Amazon rebuked the ACLU’s findings, saying the threshold was too low. An Amazon spokesperson told GCN it should be set at at least 95 percent for law enforcement purposes, and a blog post on the Amazon Web Services website stated it should be 99 percent. However, a report by Gizmodo found that it’s up to police discretion to set those thresholds, and they don’t always use Amazon’s recommendations.

Raising the confidence threshold inevitably leads to fewer false positives (incorrectly matching two photos of different people), but also more false negatives (failure to match two photos of the same person). Unfortunately, we can’t measure the latter in this experiment. More on that later.

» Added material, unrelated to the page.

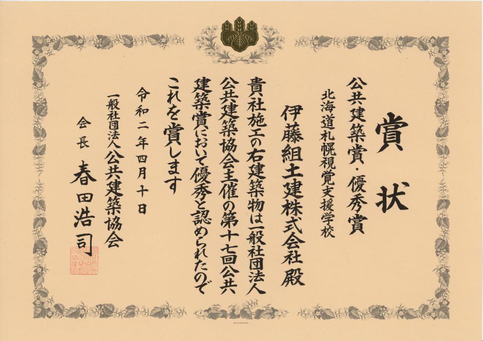 お知らせ ホーム お知らせ一覧 第17回公共建築賞「公共建築賞・優秀賞」を受賞しました 受賞2020.08.03第17回公共建築賞「公共建築賞・優秀賞」を受賞しましたこの度、当社が施工した北海道札幌視覚支援学校(平成26年竣工)が第17回公共建築賞「公共建築賞・優秀賞」を受賞しました。 受賞歴一覧へ前へお知らせ一覧に戻る一覧に戻る次へ

We contacted both the ACLU and Amazon for comment and will update this article if we receive a response on the record.

US

The US data set was comprised of photos of 430 Representatives and 100 Senators.

At an 80 percent confidence threshold, Rekognition incorrectly matched an average of 32 US Congresspersons to mugshots in the arrest database. That’s four more than the ACLU’s experiment two years ago.

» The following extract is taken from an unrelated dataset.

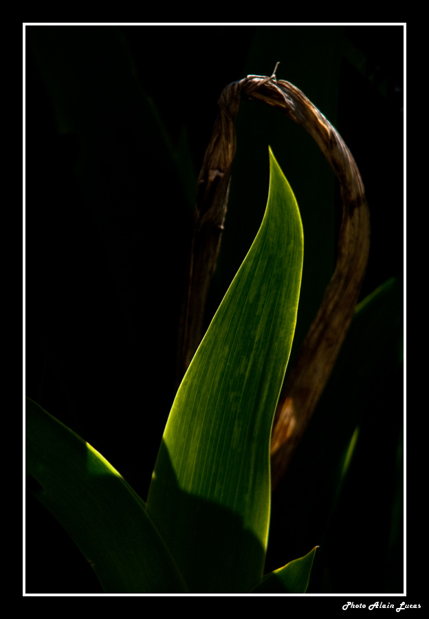Ma démarche ici a été de constater qu'en pleine lumière les contrastes étaient intéressants (déjà faut regarder tranquilleement) sur les iris et de me dire qu'en sous exposant (de combien?) j'allais mettre les lignes des feuilles en évidence. Au cadrage j'ai vu comment composer tout ça au mieux, j'ai aussi eu la surprise de la tige en arrière plan sur la 2 (à l'oeil ça ne se voyait pas, c'est l'effet doubleur sur longue focale) et j'ai essayé de l'utiliser au mieux pour ajouter une autre courbe.

By those standards, Amazon’s face recognition hasn’t improved and even performed worse than what the ACLU posited two years ago.

When we increase the threshold to what Amazon recommends for law enforcement, however, we found no incorrect matches at or above 95 percent confidence. The ACLU did not give results at this threshold back in 2018, so we have no previous results to which we can compare.

UK

Our UK data set consists of 1,429 politicians: 632 Members of Parliament and 797 Members of the House of Lords. We matched them against the same arrest photos as the US politicians.

At an 80 percent confidence threshold, Rekognition misidentified an average of 73 politicians to mugshots in the arrest database.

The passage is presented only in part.